Depremzede Hayri Aslan, “Depremde eş ve dostların canları gitti. Biz kendi canımızı kurtardık ama oturduğumuz bina çatladı patladı. Ben de depremden sonra Yozgat’a gittim. Oğlum Almanya’da. Yozgat’ta ortakları var. Kuru yemiş yapıyorlar. Kar buz olduğu için orada kalamadık. Oradan Fethiye’de dayımın oğlunun villaları var 2 tane. Onlardan birine yerleştik. Kader nasıl giderse oradan kötü gider. Orada da klimadan yangın çıktı. Oturduğumuz yer alev aldı. Ardından Antalya’da hanımın akrabaları var. O bize önder oldu. Bizleri buraya kabul etti. Burada çok güzel bir yaşam var. Allah kimseyi ortada koymasın. Antalya halkına teşekkür ederim” dedi.
Deprem nedeniyle evlerine giremediklerini anlatan Aslan, “4 tane dairemiz olduğu halde onların içine giremedik. Bu işte ağalık, paşalık, mal varlığı sökmüyor. ATM’lerden paramızı çekemedik. Bir AVM’ye gittik orada ekmeği bile karaborsadan aldık. Ekmek 3,5 liraydı, 7,5 liraya aldık. Depremzedelerden cep doldurmak, rant sağlamak isteyenler var” diye konuştu.
‘HİÇ KİMSE ZENGİNLİĞİNE GÜVENMESİN’
Hayri Aslan, deprem anına ilişkin “Deprem sırasında ben yatıyordum. Çocuklar oturuyordu. Gaziantep’te muhabbet çok olur. Muhabbetimize çok düşkünüz. Bir çocuğum, sağ kolumdan diğeri sol kolumdan çekiştiriyordu. Biz düğüne çok gideriz; düğünde oynamaya mı kaldırıyorlar, diye düşündüm. Gülünecek vaziyette ölüyoruz yani. Binamız 5 kat, ben 3’üncü katta oturuyordum. İlk depremde bir şey olmadı. İkincisinde çöküntüler oldu.

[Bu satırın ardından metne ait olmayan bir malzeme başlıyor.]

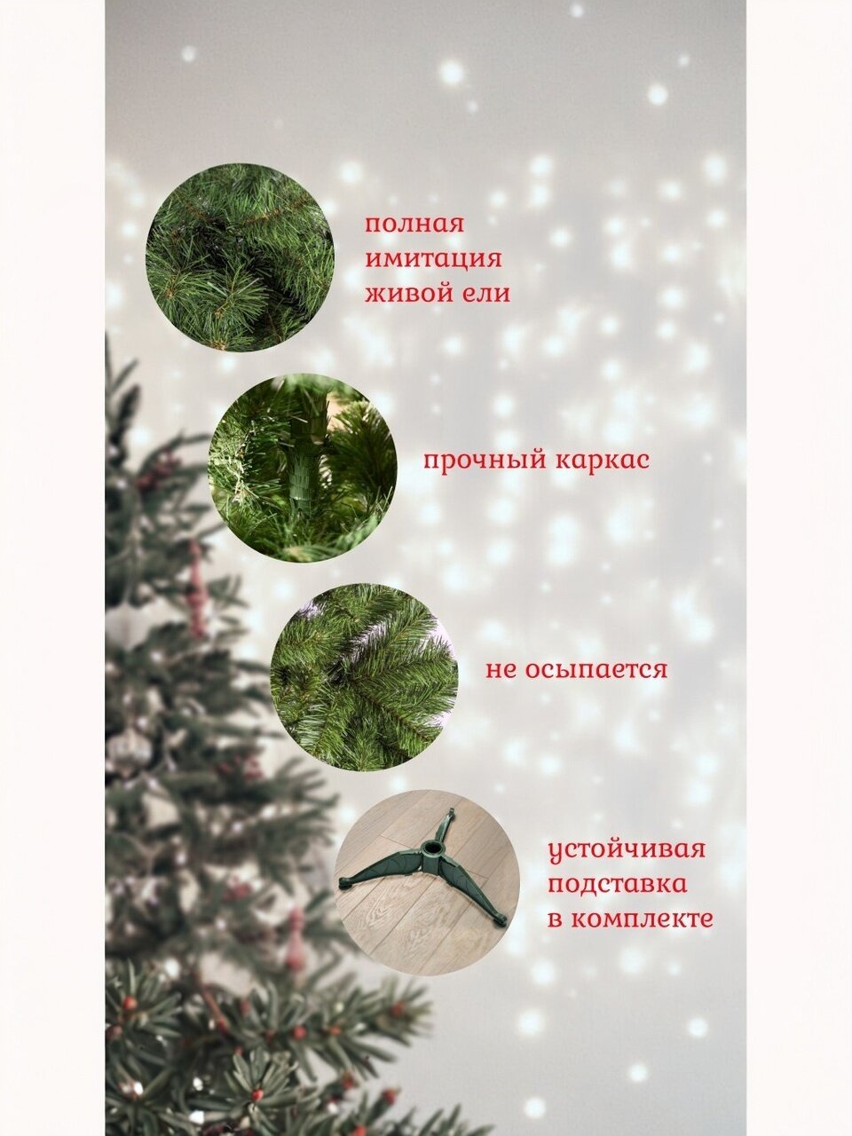 Елка новогодняя напольная 220 см Леа — эффектная ель с густой хвоей из ПВХ: создайте атмосферу настоящего праздника дома или на даче без лишних хлопот!

Sayısız kayıp var sayı gün yüzüne çıkmadı. Ben ağlaya ağlaya gözümden oldum. Şimdi bir gözüm görmüyor. Depremde oldu. Geçim derdi, yeme içme, yatacak yer derdine düştük. Ben 50 yıl taksicilik yaptım. Şu anda korku var. Evlerin içine giremiyoruz. Şu an oturduğum sandalye sallanıyor. Psikolojimiz bozuk. Depremden sonra bir de yangın şoku yaşadık. Antep’ten çıktık sonra buraya geldik. Hiç kimse zenginliğine güvenmesin. Kurtulmamız mucize. Deprem bizi perişan etti. Yanımda torunum, kızım, ailem var. Torunumu okula yazdırdık. Okula gidecek. İnşallah eğitimine devam ederse ne güzel” dedi.

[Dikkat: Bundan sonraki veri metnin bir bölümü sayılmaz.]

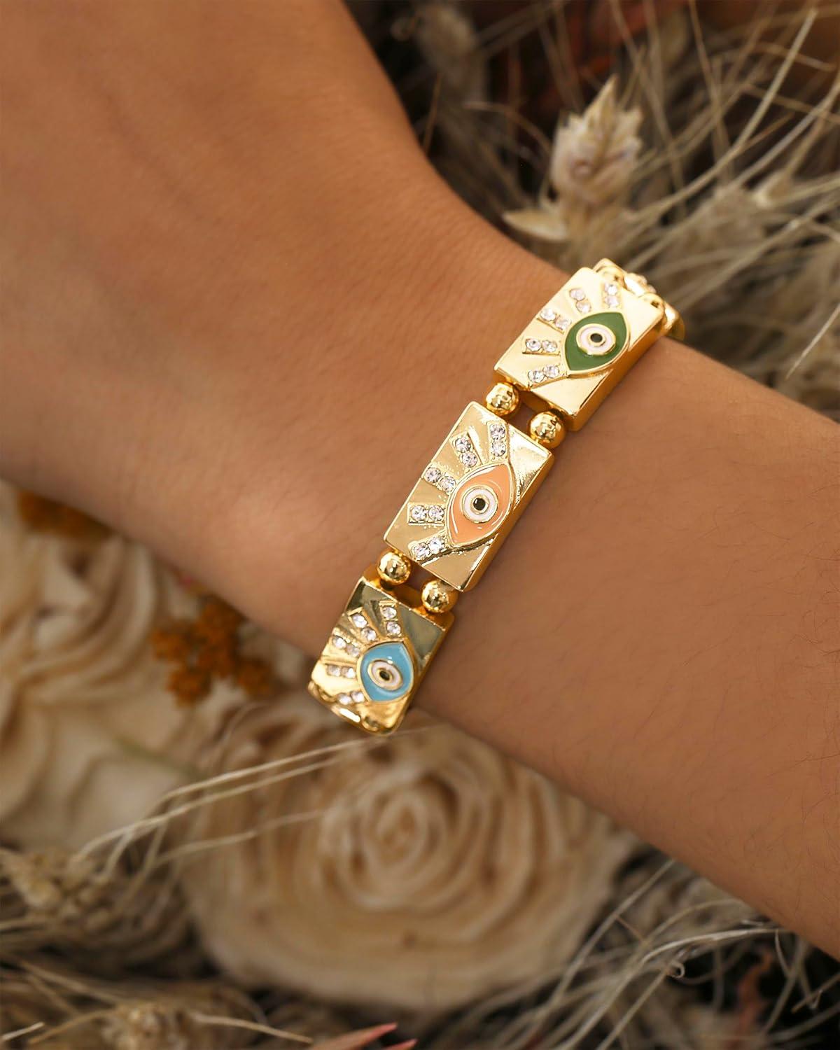 Embrace positivity and enhance your style with our evil eye bracelets. Crafted from gold-tone brass, these bracelets feature delightful embellishments like turquoise beads, eclectic charms, and alluring evil eye square pendants.

‘DEPREM ANINDA ÇÖK- KAPAN- TUTUN YAPTIM’
Hayri Aslan’ın torunu Tuana Aslan (10) da “Deprem anında çök- kapan- tutun yaptım. Hiçbir şekilde korkmadım. Biraz annem panikledi. Abimle annemi sakinleştirmeye çalıştık sonra aşağı indik. 2’nci depremde herkes panik içerisindeydi. Panik yapmamaları gerekiyordu. Herkesin evleri gitti. Çok hasarlı bir depremdi. Benim eğitim hayatım da gitti. Şu anda hala enkaz altında olanlar var. Onlara çok üzülüyorum. Ben hayatta kaldığımıza şükürler olsun, diyorum. Çök- kapan- tutun eğitimini okulda ve televizyonlarda gördüm. Onu uyguladım. Eğitimime devam etmeyi istiyorum” diye konuştu.